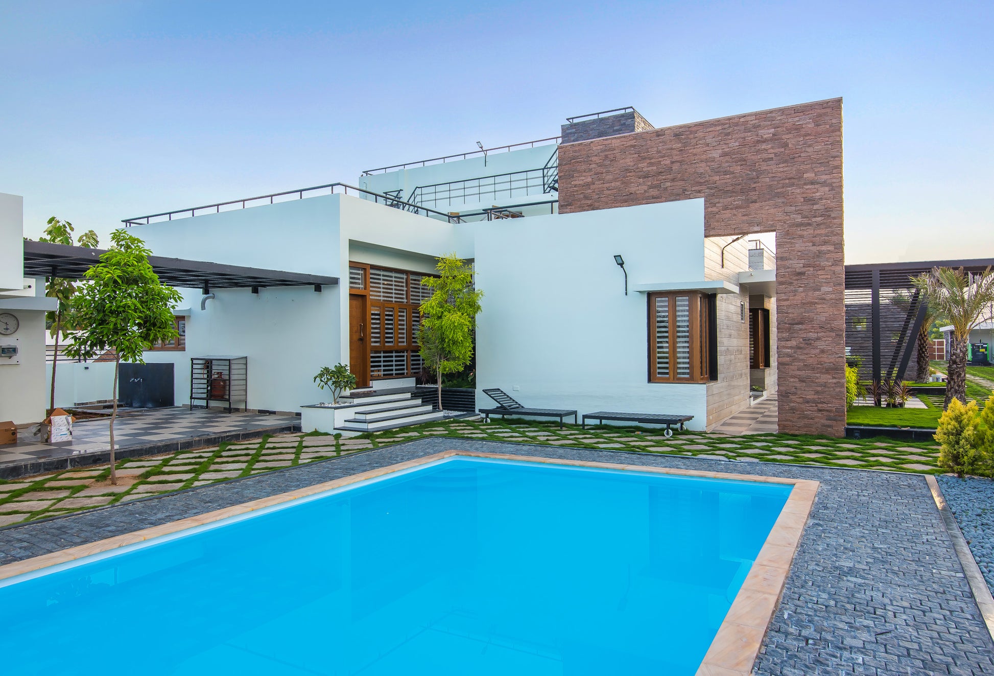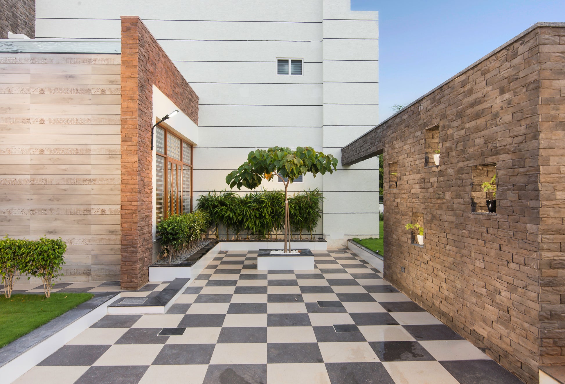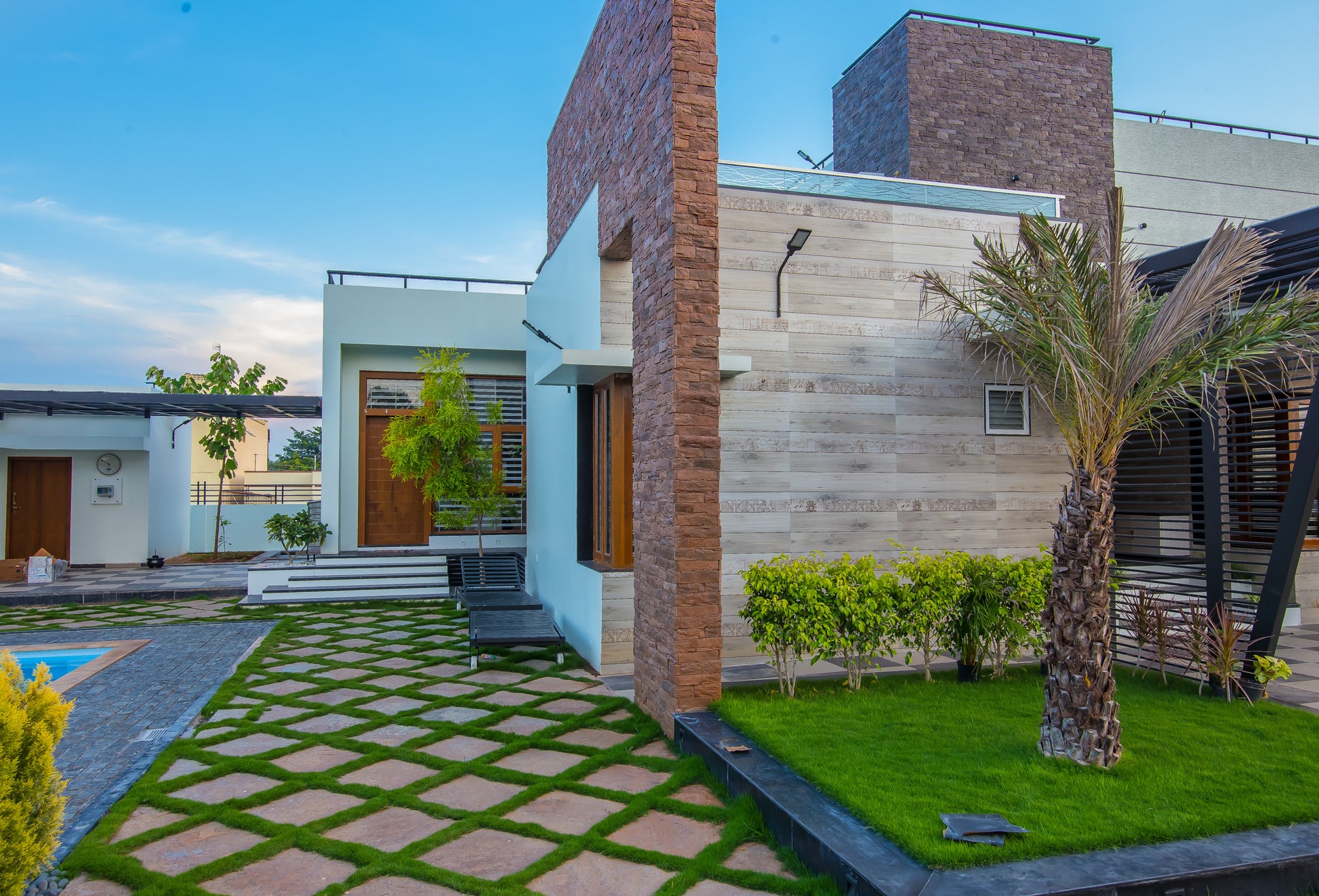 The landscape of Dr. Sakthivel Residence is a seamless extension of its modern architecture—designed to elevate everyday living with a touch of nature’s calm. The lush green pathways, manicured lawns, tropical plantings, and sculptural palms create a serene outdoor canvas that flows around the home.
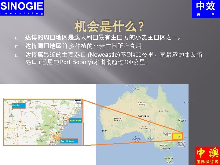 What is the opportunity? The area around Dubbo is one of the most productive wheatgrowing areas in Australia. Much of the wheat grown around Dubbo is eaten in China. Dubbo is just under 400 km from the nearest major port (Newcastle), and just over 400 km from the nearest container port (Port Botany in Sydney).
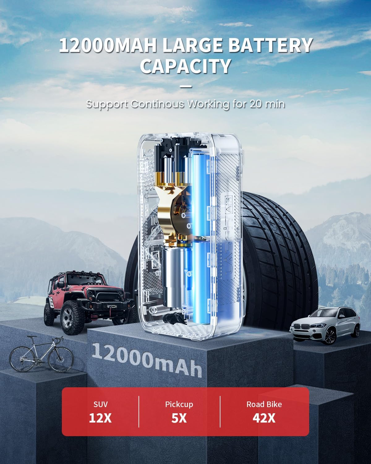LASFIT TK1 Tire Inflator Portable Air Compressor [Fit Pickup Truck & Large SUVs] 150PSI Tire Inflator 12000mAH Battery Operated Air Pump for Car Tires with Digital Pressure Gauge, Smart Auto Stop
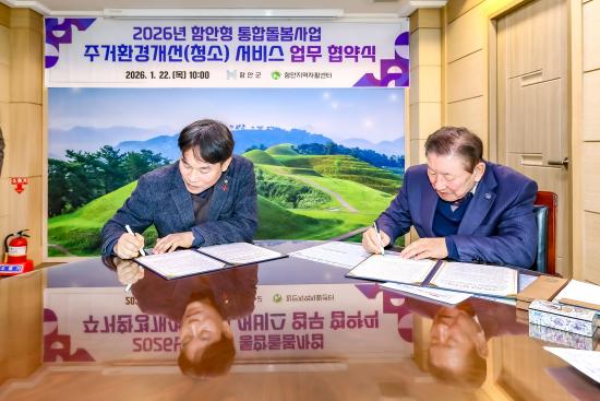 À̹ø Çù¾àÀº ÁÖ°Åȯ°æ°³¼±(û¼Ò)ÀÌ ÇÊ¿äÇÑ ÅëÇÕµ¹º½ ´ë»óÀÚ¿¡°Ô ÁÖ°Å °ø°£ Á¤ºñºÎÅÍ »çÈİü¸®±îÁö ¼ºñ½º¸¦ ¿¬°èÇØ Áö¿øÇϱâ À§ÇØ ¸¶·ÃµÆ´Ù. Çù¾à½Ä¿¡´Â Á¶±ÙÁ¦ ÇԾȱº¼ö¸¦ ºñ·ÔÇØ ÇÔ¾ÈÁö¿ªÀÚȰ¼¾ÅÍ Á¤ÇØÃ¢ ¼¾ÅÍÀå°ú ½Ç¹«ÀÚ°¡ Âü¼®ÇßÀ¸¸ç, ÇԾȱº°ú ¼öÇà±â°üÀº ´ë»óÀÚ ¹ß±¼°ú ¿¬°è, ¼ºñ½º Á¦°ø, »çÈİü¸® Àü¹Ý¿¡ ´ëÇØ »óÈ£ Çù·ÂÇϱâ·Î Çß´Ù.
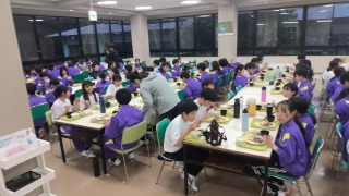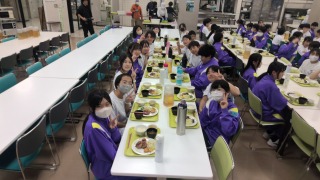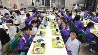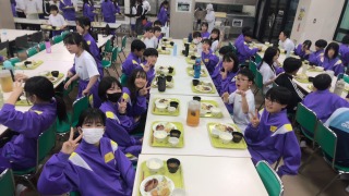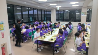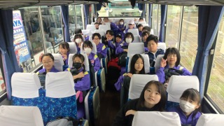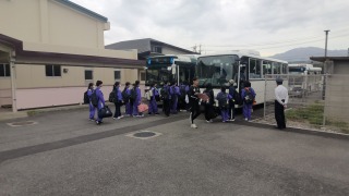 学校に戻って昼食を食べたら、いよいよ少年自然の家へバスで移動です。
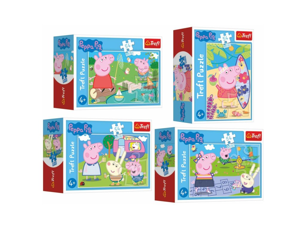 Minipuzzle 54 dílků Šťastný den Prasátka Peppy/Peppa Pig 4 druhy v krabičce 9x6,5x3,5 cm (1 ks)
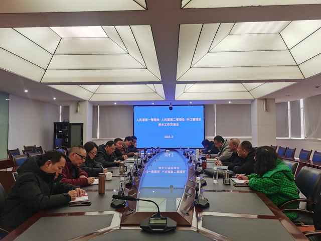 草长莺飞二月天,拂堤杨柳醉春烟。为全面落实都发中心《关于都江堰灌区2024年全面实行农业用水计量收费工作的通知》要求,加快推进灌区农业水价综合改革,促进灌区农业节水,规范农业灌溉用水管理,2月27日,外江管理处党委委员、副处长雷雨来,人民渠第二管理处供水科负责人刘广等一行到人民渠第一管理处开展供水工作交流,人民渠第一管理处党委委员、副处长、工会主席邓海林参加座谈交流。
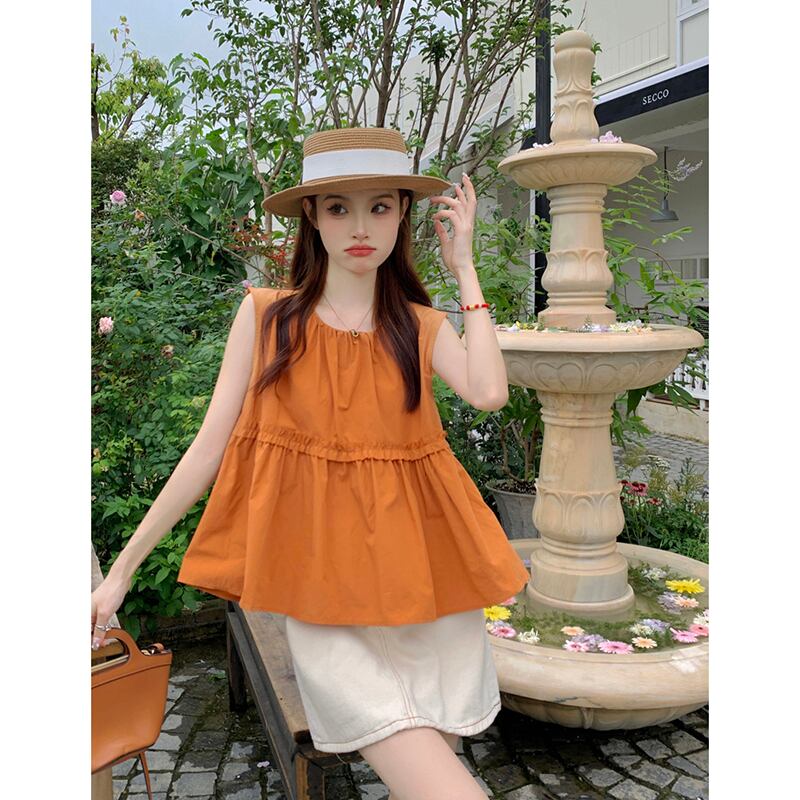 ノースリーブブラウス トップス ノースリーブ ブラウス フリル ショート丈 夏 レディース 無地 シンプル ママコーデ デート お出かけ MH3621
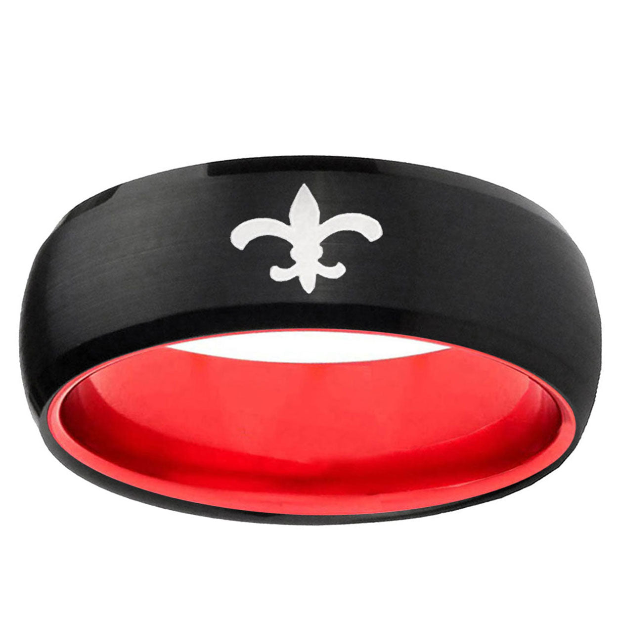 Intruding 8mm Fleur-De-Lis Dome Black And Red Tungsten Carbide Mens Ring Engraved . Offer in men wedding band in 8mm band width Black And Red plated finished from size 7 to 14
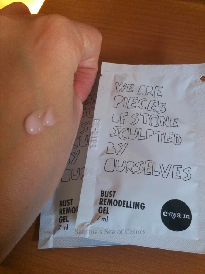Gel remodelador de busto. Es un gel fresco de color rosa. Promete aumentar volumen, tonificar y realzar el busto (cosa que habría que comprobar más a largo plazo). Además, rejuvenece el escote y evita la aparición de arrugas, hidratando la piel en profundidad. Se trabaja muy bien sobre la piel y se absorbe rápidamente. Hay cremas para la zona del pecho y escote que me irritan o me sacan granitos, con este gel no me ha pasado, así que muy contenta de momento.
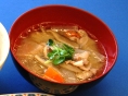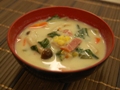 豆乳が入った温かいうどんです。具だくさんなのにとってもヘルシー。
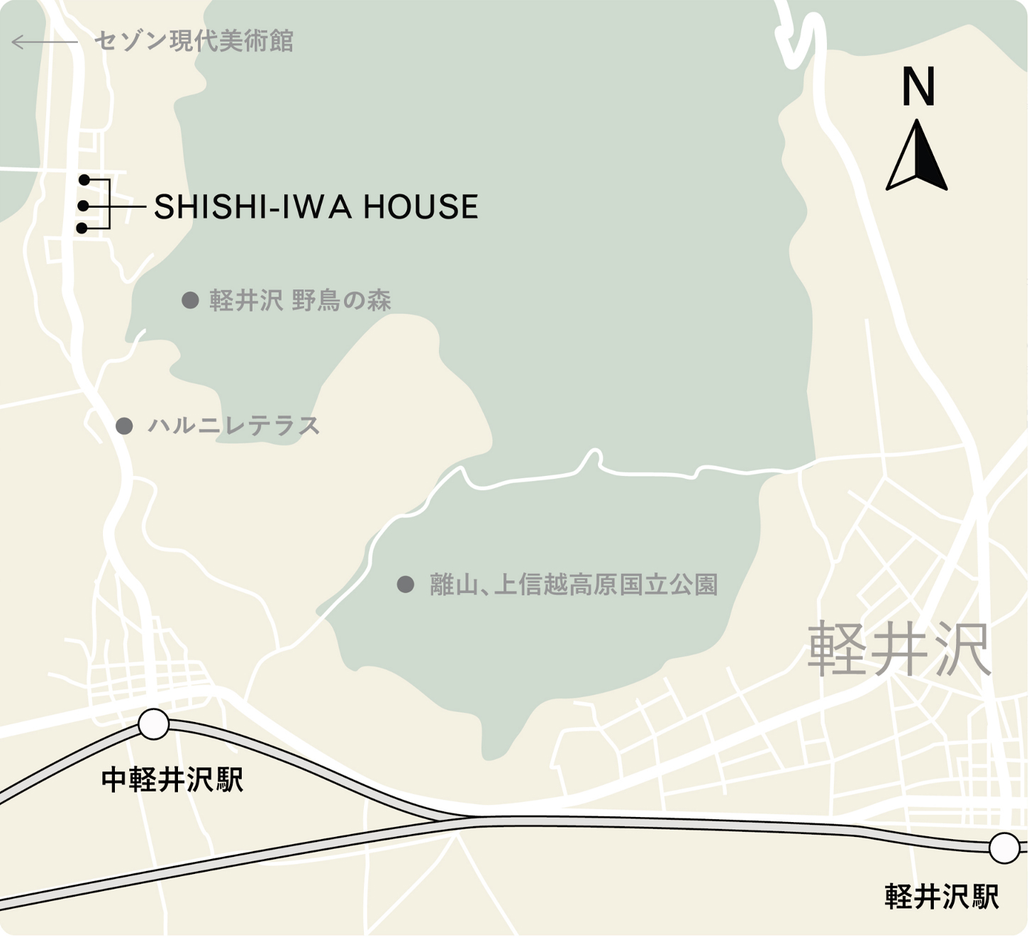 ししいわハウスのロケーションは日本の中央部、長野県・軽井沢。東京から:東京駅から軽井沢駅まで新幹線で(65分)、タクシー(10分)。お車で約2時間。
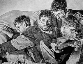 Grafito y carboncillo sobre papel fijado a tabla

Assignment: Repeat exactly the lines from the one holding "豆乳が入った温かいうどんです。具だくさんなのにとってもヘルシー。" through the last line of the entries, both included; the pictures do not belong in the copy.

Answer space:
 豆乳が入った温かいうどんです。具だくさんなのにとってもヘルシー。
 ししいわハウスのロケーションは日本の中央部、長野県・軽井沢。東京から:東京駅から軽井沢駅まで新幹線で(65分)、タクシー(10分)。お車で約2時間。
 Grafito y carboncillo sobre papel fijado a tabla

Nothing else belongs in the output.